“This is obviously a very exciting moment,” says Patrick Biewer, CEO of the company created as a public-private partnership between the Luxembourg government and global satellite operator SES. “The launch is one of the step of our history, but it’s evidently a key part of the company’s history.”

LuxGovSat was set up in February 2015 in order to realise the ambitious goal of creating a new value proposition that did not yet exist on the market: making satellite capacities available for governmental objectives that would have a higher level of security than traditional commercial satellites, while following a business logic to provide more affordable and accessible capabilities than dedicated national satellites.

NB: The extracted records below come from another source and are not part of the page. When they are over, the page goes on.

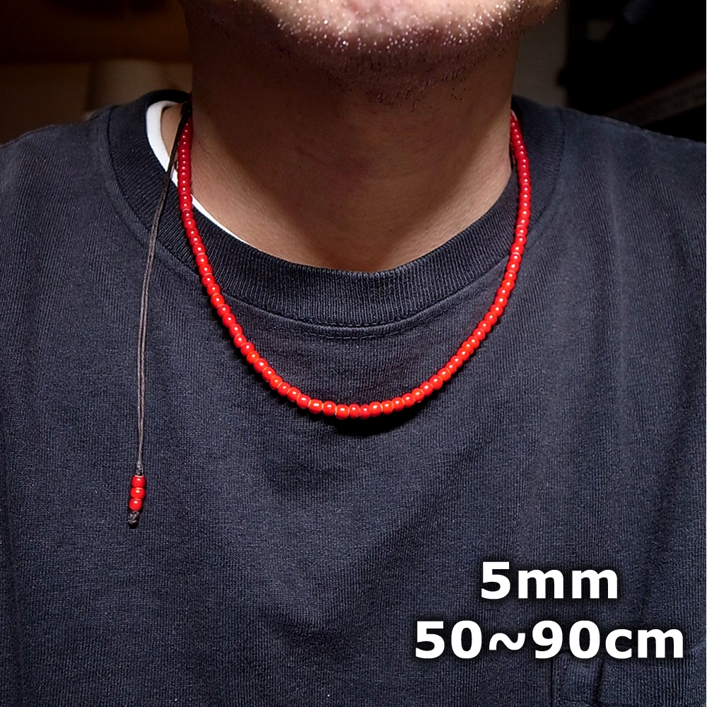 > 5mm ホワイトハーツビーズ ネックレス50cm-DARK RED/ 5mm WHITE HEART BEADS NECKLACE 50- DARK RED
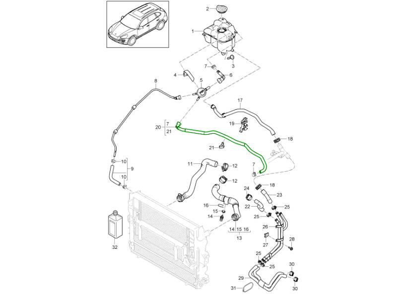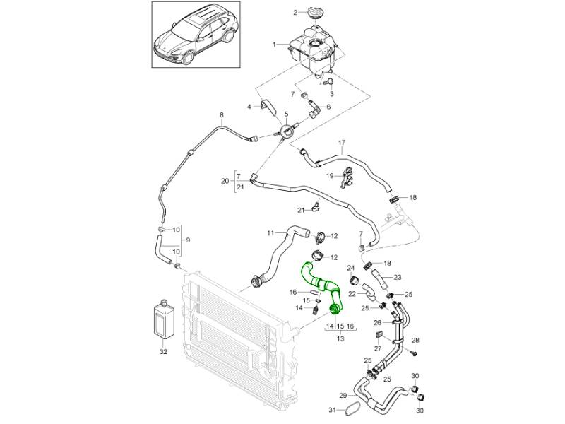 La durite de liquide de refroidissement sans sonde de température (retour) est un composant du système de refroidissement compatible avec les pièces d'origine. Elle est conçue pour renvoyer le liquide de refroidissement dans le circuit de refroidissement du moteur après son passage à travers les principaux composants du système. Cette durite ne comporte pas d'orifice pour sonde de température, ce qui la rend spécifique aux configurations du système de refroidissement de certains Porsche Cayenne 958.
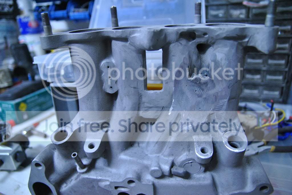JDM LIM. block off plates? we dont need no stinking block off plates! just cut them off lol... what is the rectangular opening by the gasket for? can i just weld it shut? (forgot to take a pic of the backside...) This first started off by cutting the egr?? off to make more room between the LIM and my DP so i can add a heat shield and basically got out of hand as my die grinder didnt stop cutting............. http://i426.photobucket.com/albums/p...n/DSC_0854.jpg cut the little slit in the UIM. i know its been done before, but i can only recall phil having this too. definitely looks cooler than i thought.. http://i426.photobucket.com/albums/p...n/DSC_0855.jpg water pump housing... cut off all the fittings and shaved the piece down. also cut off the mounting point for the air pump (cant remember who i saw this from) http://i426.photobucket.com/albums/p...n/DSC_0857.jpg http://i426.photobucket.com/albums/p...n/DSC_0858.jpg no more pink turbo??? http://i426.photobucket.com/albums/p...n/DSC_0856.jpg |
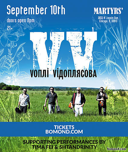 Музиканти запевняють, що цей заокеанський музичний тріп стане спалахом драйву для тих, хто зберігає у серці Україну та вогонь рок-н-ролу. Хто готовий виплеснути власні емоції і отримати навзаєм порцію музичного натхнення на увесь рік! У рамках туру, ВВ зіграють нові композиції і добре знані хіти: «Танці», «Весну», «День Народження», «Галю», які запалюють серця мільйонів шанувальників у різних країнах світу етно-драйвом та музичною енергією! Відтак, своїм заокеанським шанувальникам ВВ обіцяють максимально запальний та яскравий початок осені! Дата: 10 сентября Время: 8:00 p.m. Адрес: Martyrs, 3855 N. Lincoln Ave., Chicago, IL
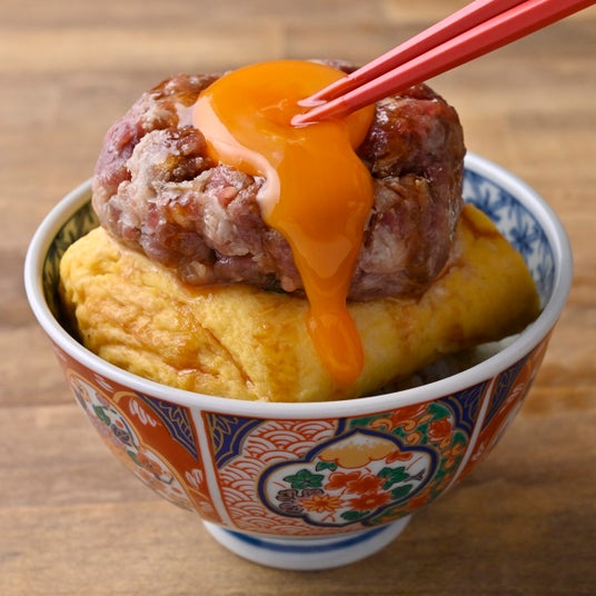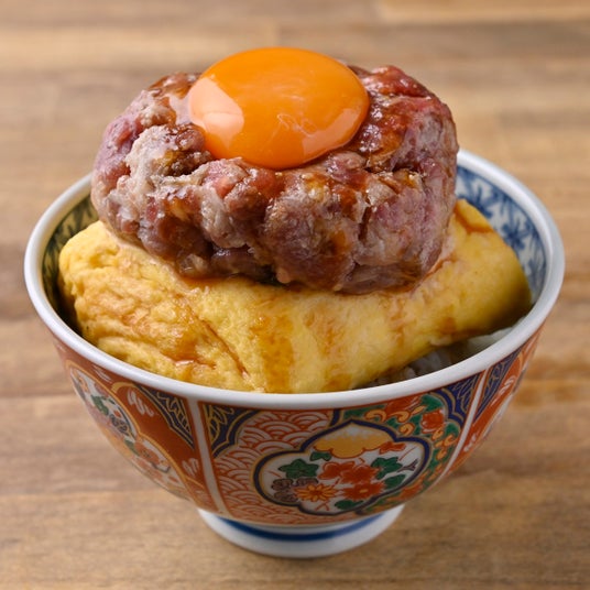 - 「生で食べられる¨馬映¨バーグ丼」 1,628円(税込):生肉好き必食!極上の生ハンバーグに自家製出汁巻とべっこう玉をトッピング。

“A public-private partnership was the best way to start this project,” explains Patrick Biewer. “More precisely, this partnership made it possible to combine the know-how of the Luxembourg space industry, available through SES, with the regulatory capacities, diplomatic relations, stability and good reputation of the Luxembourg state. This is essential to create such a value proposition for other governments and supranational organisations.”

€225 million investment

The first client of LuxGovSat is obviously the Luxembourg State that will use it for its own defence activities. The State is investing a total amount of €100 million over 10 years. “This provides strong support to the entire business model that allows us to embark on necessary and significant investments,” says the CEO of LuxGovSat. The initial investment in the company LuxGovSat, covering among others things the construction and the launch of the satellite, amounts to a total of €225 million.

Following international calls for tenders, the construction of the satellite was entrusted to the American company Orbital ATK and the launch to SpaceX. The Falcon 9 rocket was chosen according to purely economic and technological criteria. SpaceX has innovated the space launcher business with the development of a flight-proven rocket.

Once in orbit at 21.5 degrees east, GovSat-1 will be operational within approximately four to six weeks. This is the time needed to finalise its positioning, carry out the tests in orbit and then transfer services that have already been commercialised by the company and are currently operational on other satellites.

Widening the geographical scope

The joint venture, which today directly employs around 20 people in charge of either technical – ground stations – or commercial aspects, has obviously not been satisfied with simply waiting for the launch of the SpaceX rocket. It has already concluded several contracts, the most spectacular being the one signed in November 2016 to make satellite communication capacities available in the context of the NATO Alliance Ground Surveillance (ASG) programme. “Other services have also been put in place for several NATO agencies,” indicates Patrick Biewer.

According to the LuxGovSat CEO, it will take a few years before the capacities of the Luxembourg satellite are completely used. But this does not stop the company from already thinking about a possible widening of the scope of activity or even, in the most optimistic case, the implementation of a second satellite.

At the moment, the position of the satellite allows it to mainly cover Europe, the Middle Est and Africa. For covering zones such as Asia-Pacific where needs are growing quickly, some adjustments in addition to this first satellite are obviously necessary. “All commercial or technological options are possible,” underlines Patrick Biewer. “This extension of our activity is also part of our thoughts of these two last years.”